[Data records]
*** Begin section ***
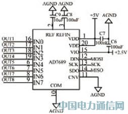 在数据采集中经常需要把模拟信号转换成处理器可以识别的数字信号,以便采集仪可以对信号进行处理和传输,这就要用到A/D转换电路。A/D转换器从变换原理来看,主要有并行比较型、逐次逼近型和双积分型等。并行比较型转换速度快,可达数十纳秒,但是价格昂贵,非必要时一般不会采用;双积分型A/D转换器的转换时间较长一般要达到40ms~50ms;逐次逼近型具有较高转换速度,可达几微秒,价格适中。本设计采用ADI公司生产的AD7689芯片来对滤波后的电压信号进行A/D转换。AD7689是一款采用单电源供电的8通道、16位分辨率、无失码、电荷再分配逐次逼近型模数转换器(ADC)。AD7689使用简单的SPI接口实现配置寄存器的写入和转换结果的输出。
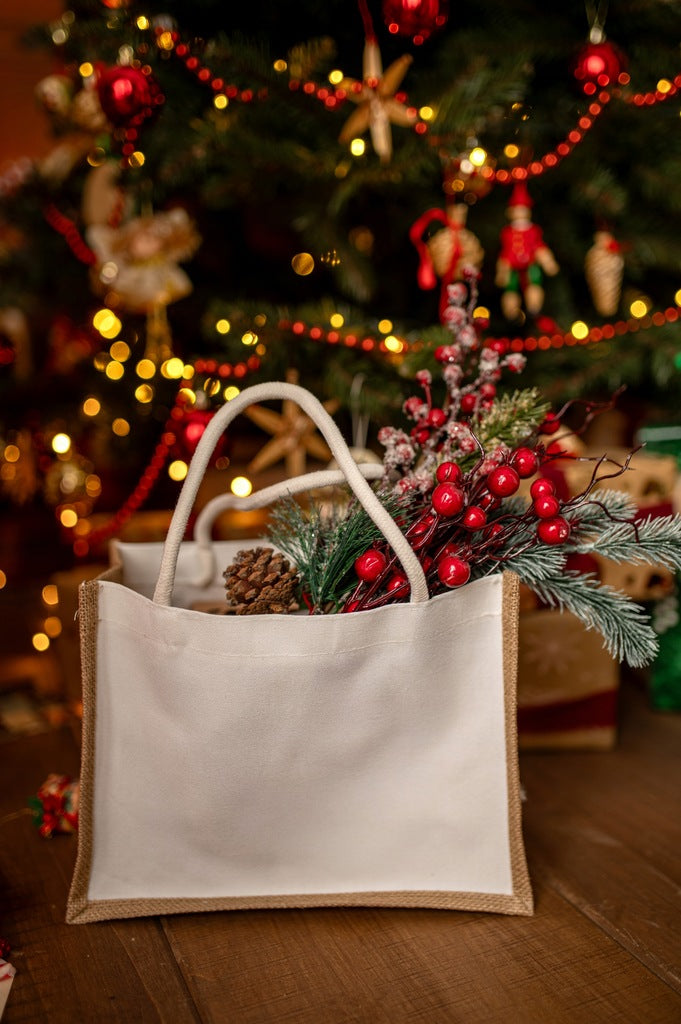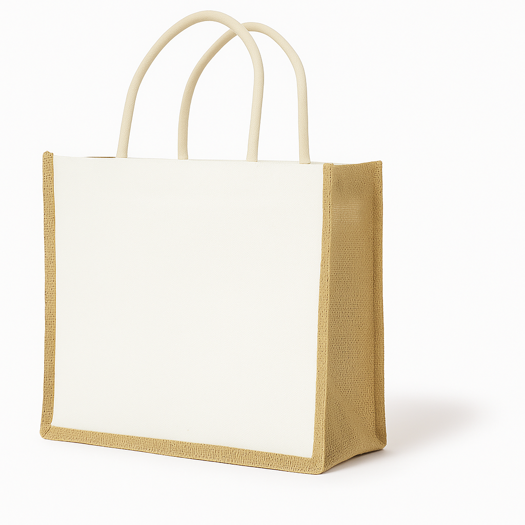 Wybierz stylową ekologiczną torba jutowo bawełnianą  z uchwytami  trwałą, elegancką i przyjazną środowisku. Idealna do miasta, na zakupy i jako ekologiczny prezent
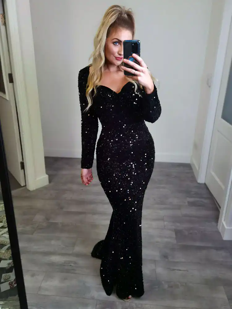 Make a statement in the **Jules Black Sequin Dress**, a show-stopping floor-length gown that combines timeless glamour with a modern, body-hugging mermaid silhouette. Crafted from an all-over black sequin fabric with long sleeves and a sweetheart neckline, this dress catches the light beautifully with every move you make. Perfect for your debs night, this sale gem is the ultimate choice for the girl who wants to turn heads from the moment she walks in the room.
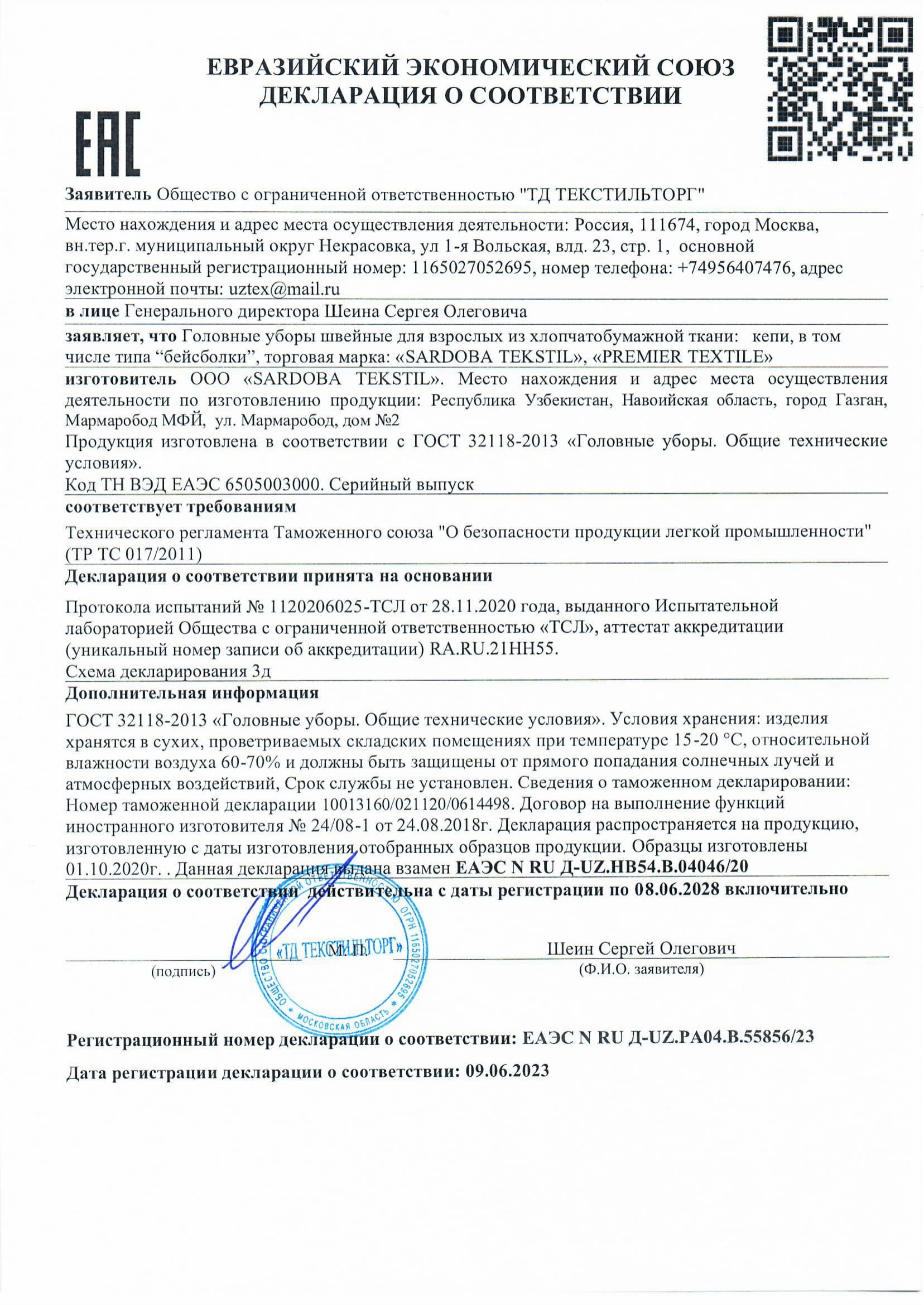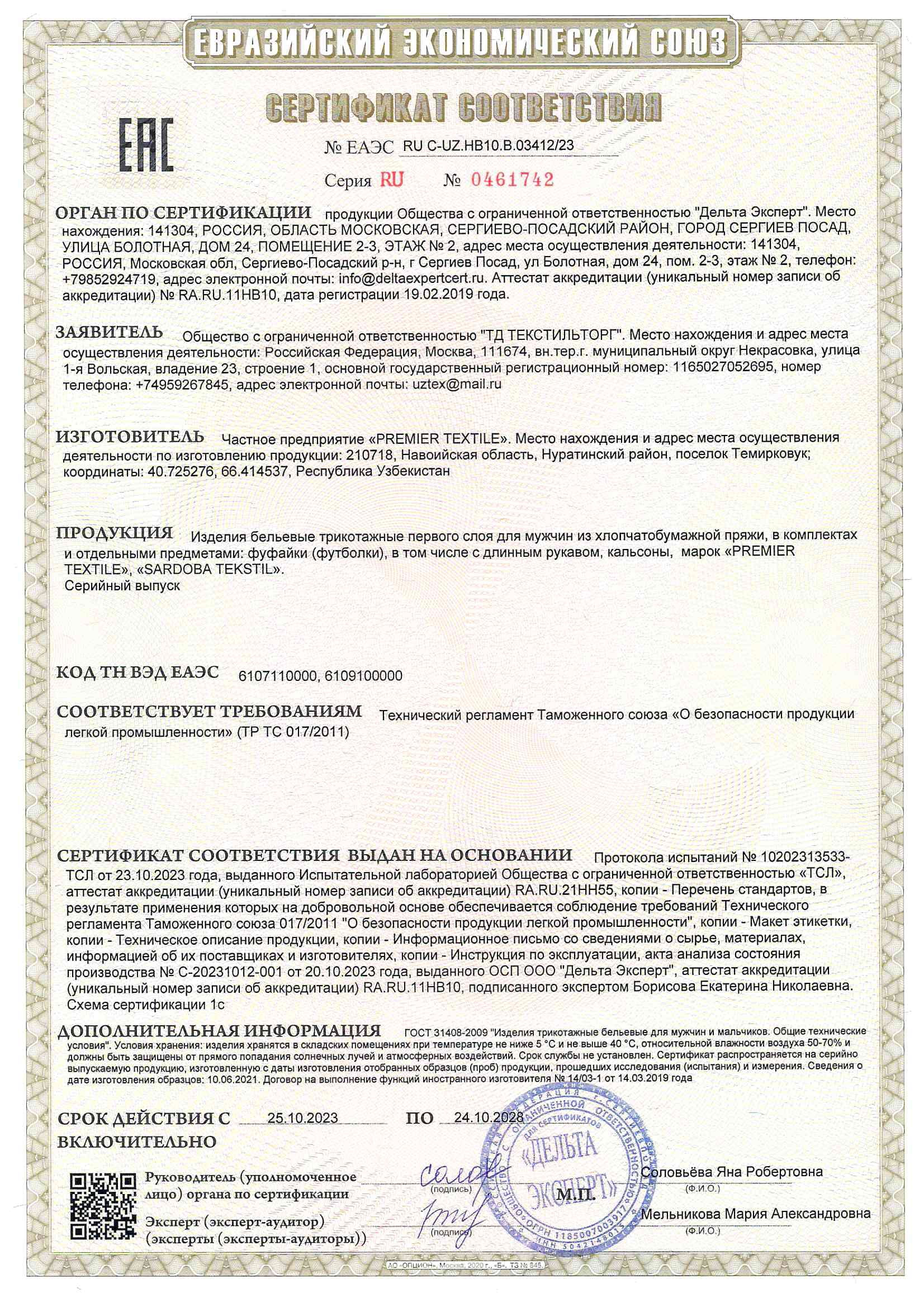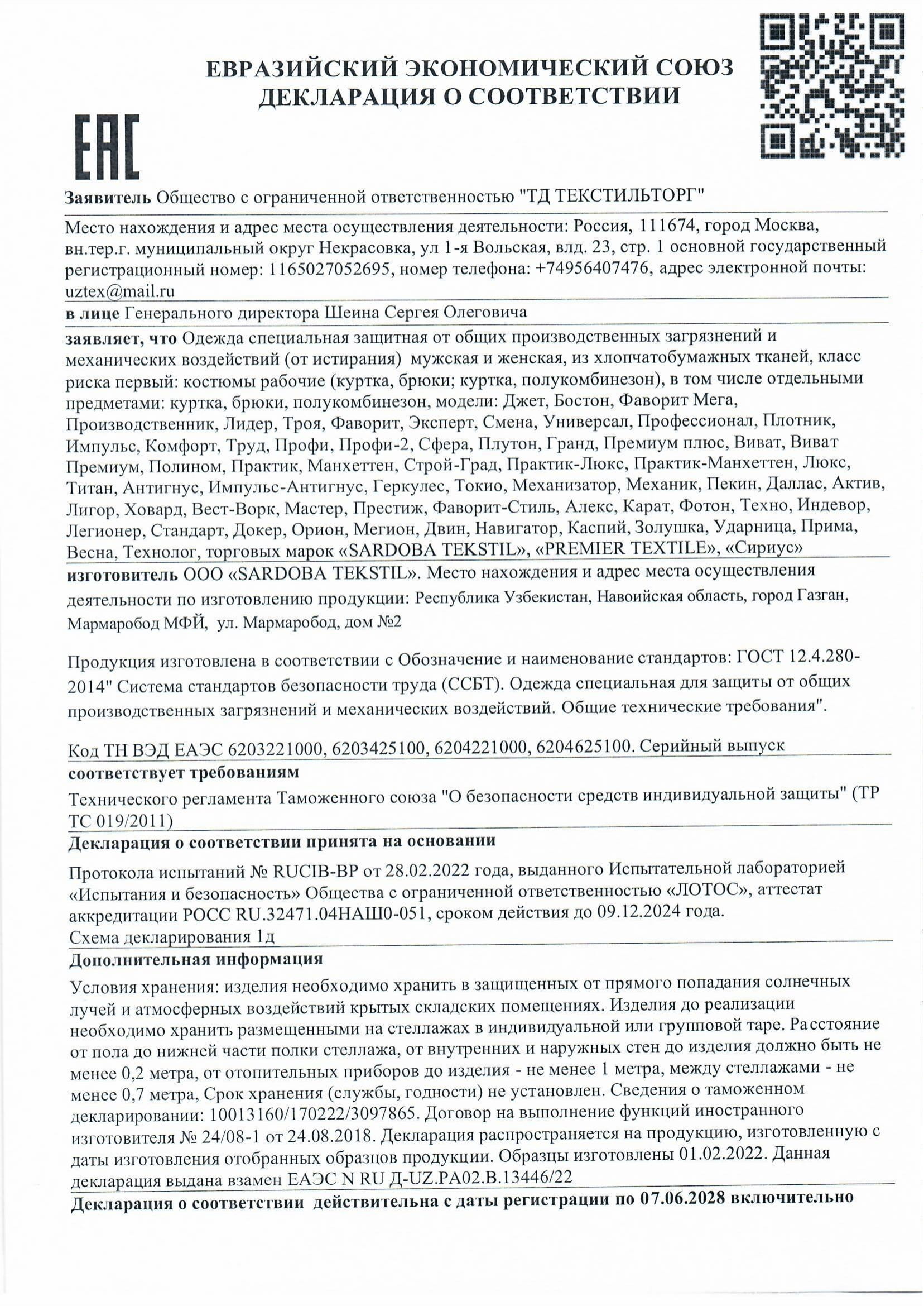Вся продукция компании «ТекстильТорг» проходит обязательную сертификацию
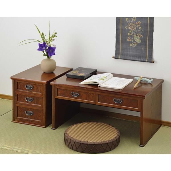 和風家具 S6553 秋草 脇置き 三杯引 けやき色(幅32x奥行45x高さ37cm)
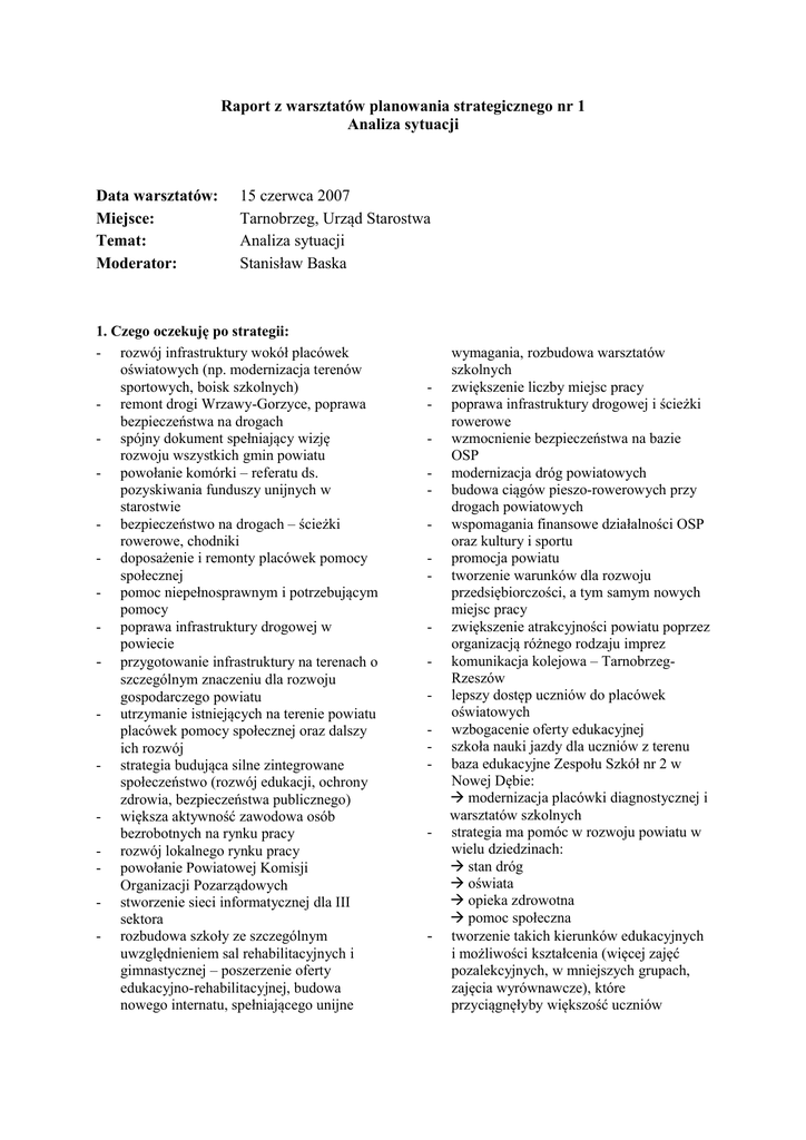 Raport z warsztatów planowania strategicznego nr 1 Analiza
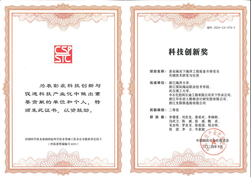 近日,第四届中国科技产业化促进会科学技术奖名单揭晓。我校海洋装备工程学院刘在良教授作为第二完成人的项目成果《恶劣海况下海洋工程装备升降安全关键技术研发与应用》荣获中国科技产业化促进会科技创新奖二等奖。
*** End section ***
Assigned task — From the line with "Вся продукция компании" to the final line of the records, inclusive, set down the lines exactly and add nothing; leave every picture out.

Output of the exercise —
Вся продукция компании «ТекстильТорг» проходит обязательную сертификацию
 和風家具 S6553 秋草 脇置き 三杯引 けやき色(幅32x奥行45x高さ37cm)
 Raport z warsztatów planowania strategicznego nr 1 Analiza
 近日,第四届中国科技产业化促进会科学技术奖名单揭晓。我校海洋装备工程学院刘在良教授作为第二完成人的项目成果《恶劣海况下海洋工程装备升降安全关键技术研发与应用》荣获中国科技产业化促进会科技创新奖二等奖。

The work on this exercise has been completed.